# [Activity]
The answer is to be an exact copy of the lines below running from the line with "[편집자주] 암호화폐 시장은" down to the line with "Two-way zip opening", both ends included, and nothing more.

# [Data records]
- - -

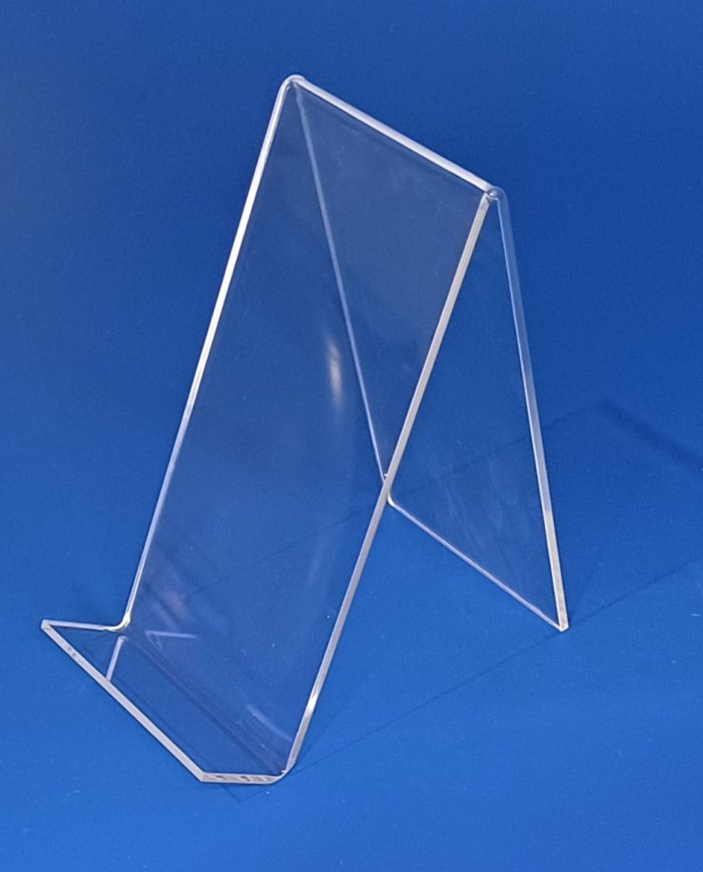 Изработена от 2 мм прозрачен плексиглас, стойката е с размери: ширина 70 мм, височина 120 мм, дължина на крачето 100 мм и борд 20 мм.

- - -

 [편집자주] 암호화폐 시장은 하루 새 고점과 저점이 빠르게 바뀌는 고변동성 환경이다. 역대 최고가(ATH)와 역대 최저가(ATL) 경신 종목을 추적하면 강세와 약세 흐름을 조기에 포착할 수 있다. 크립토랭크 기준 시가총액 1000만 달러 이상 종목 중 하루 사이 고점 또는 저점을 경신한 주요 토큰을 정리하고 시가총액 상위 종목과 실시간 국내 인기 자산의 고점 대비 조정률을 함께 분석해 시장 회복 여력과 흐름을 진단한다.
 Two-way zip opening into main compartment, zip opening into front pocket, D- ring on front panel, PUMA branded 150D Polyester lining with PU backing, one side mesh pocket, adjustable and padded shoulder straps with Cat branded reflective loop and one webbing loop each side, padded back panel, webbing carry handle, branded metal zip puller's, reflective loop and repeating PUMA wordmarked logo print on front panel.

- - -

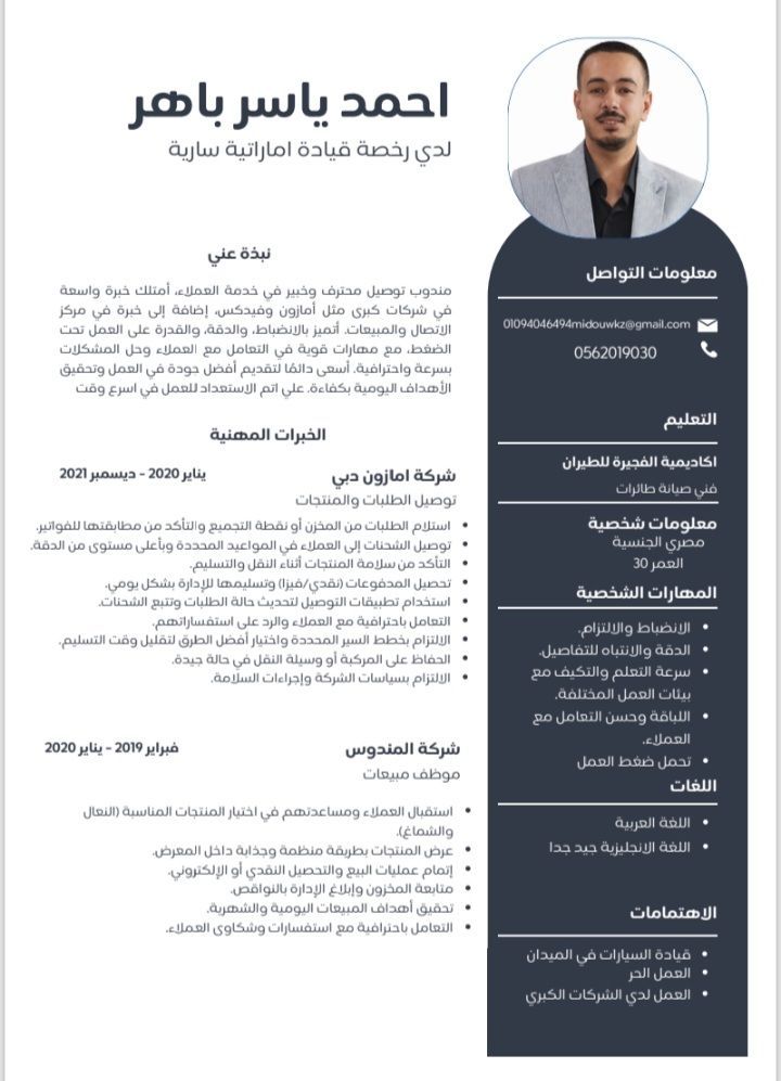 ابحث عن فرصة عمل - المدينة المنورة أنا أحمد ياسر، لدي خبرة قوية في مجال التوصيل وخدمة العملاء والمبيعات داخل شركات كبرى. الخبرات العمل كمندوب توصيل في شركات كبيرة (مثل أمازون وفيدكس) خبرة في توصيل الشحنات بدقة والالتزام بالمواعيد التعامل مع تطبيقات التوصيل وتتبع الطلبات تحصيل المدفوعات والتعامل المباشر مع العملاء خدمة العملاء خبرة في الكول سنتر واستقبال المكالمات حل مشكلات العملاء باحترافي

- - -

# [Problem solution]
 [편집자주] 암호화폐 시장은 하루 새 고점과 저점이 빠르게 바뀌는 고변동성 환경이다. 역대 최고가(ATH)와 역대 최저가(ATL) 경신 종목을 추적하면 강세와 약세 흐름을 조기에 포착할 수 있다. 크립토랭크 기준 시가총액 1000만 달러 이상 종목 중 하루 사이 고점 또는 저점을 경신한 주요 토큰을 정리하고 시가총액 상위 종목과 실시간 국내 인기 자산의 고점 대비 조정률을 함께 분석해 시장 회복 여력과 흐름을 진단한다.
 Two-way zip opening into main compartment, zip opening into front pocket, D- ring on front panel, PUMA branded 150D Polyester lining with PU backing, one side mesh pocket, adjustable and padded shoulder straps with Cat branded reflective loop and one webbing loop each side, padded back panel, webbing carry handle, branded metal zip puller's, reflective loop and repeating PUMA wordmarked logo print on front panel.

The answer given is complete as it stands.